When reading Ted Underwood's "Where to start with text mining," I was longing for a definition of text mining at the beginning. It felt like Underwood dove into the topic without giving even a brief summary of it.
Underwood highlights that a large collection of texts is usually necessary in order for the analysis to have context. This could be seen as a bad thing because gathering a lot of data seems like a lot of work. He goes on to talk about programming skills, and whether they are necessary. He beats around the bush a bit, saying he can't really answer the question, but then gives an anecdote alluding to programming skills being necessary.
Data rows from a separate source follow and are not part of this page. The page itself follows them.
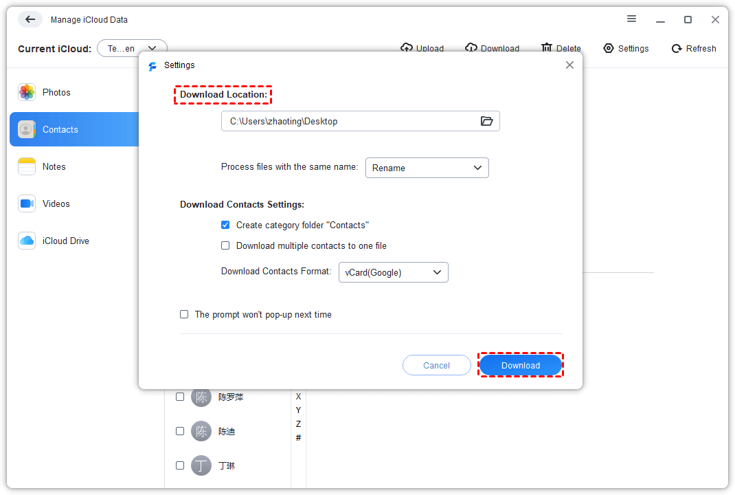 Step 3: Adjust the download settings as needed in the pop-up window> Initiate the download by clicking Download again.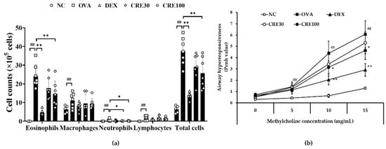AHR was noticeably elevated in the OVA group in comparison to the NC group (Figure 2b). However, CRE reduced AHR in animals with asthma by increasing the concentration of methylcholine. In particular, the CRE100 group revealed a marked decline in AHR as compared to the OVA group.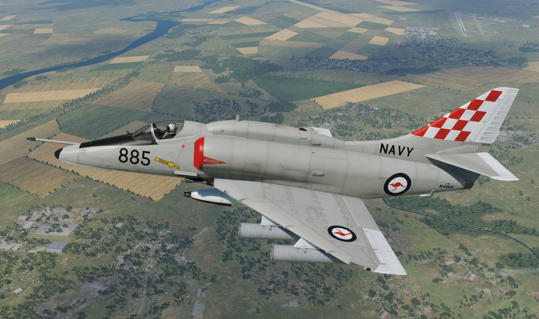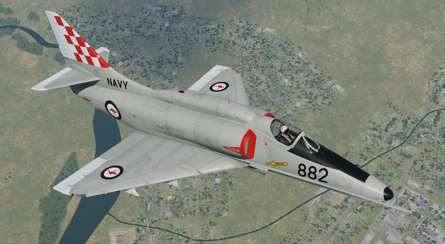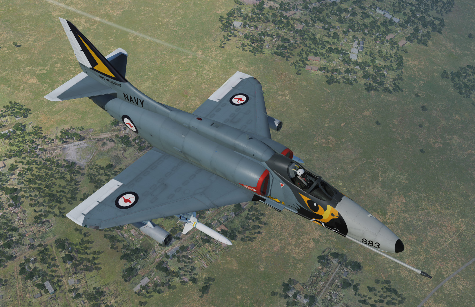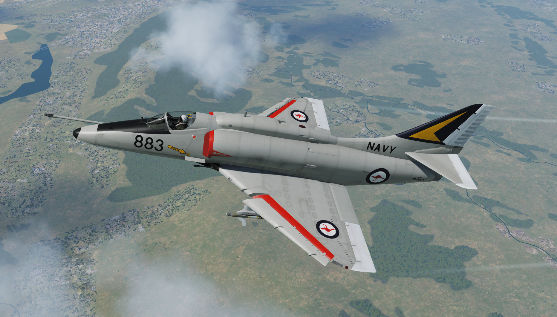 A fictional skin based on a blend of the Gull Grey/Insignia White hi-vis of the Royal Australian Navy VC-724 Squadron, and the US Navy of the 1970s, but with the hawk's head from the Brazilian Navy's AF-1 (A-4KU Skyhawk) and darker grey of the aircraft depicted here: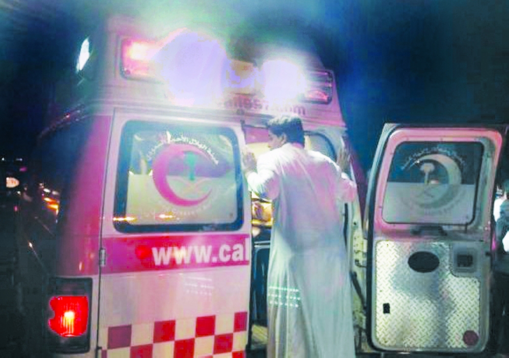 إسعاف الهلال الأحمر لدى نقله المصابين. (عكاظ)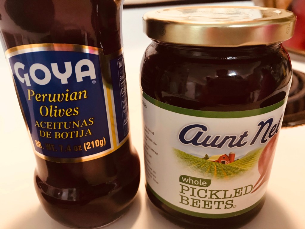 I rolled down to my beet choices and picked out a jar of whole pickled Aunt Nellie’s beets.

I would say everyone should learn programming whether or not they have to, but I may be biased as a computer science major!
Text mining can allow you to do these things and more:
- Categorize documents
- Trace the history of particular features (words or phrases) over time
These all seem to be useful things to get out of text mining, and this list is not exhaustive.
In "Topic Modeling: A Basic Introduction," Megan R. Brett starts with a definition. "Topic modeling is a form of text mining, a way of identifying patterns in a corpus." She also gives a useful way to think about topic modeling "One way to think about how the process of topic modeling works is to imagine working through an article with a set of highlighters. As you read through the article, you use a different color for the key words of themes within the paper as you come across them. When you were done, you could copy out the words as grouped by the color you assigned them. That list of words is a topic, and each color represents a different topic."
Brett agrees with Underwood, that a large corpus is usually preferrable, and you need to know how to use your tools, and understand your results.
It seems like we might try out topic modeling for ourselves, and form our own opinions as we go through the process!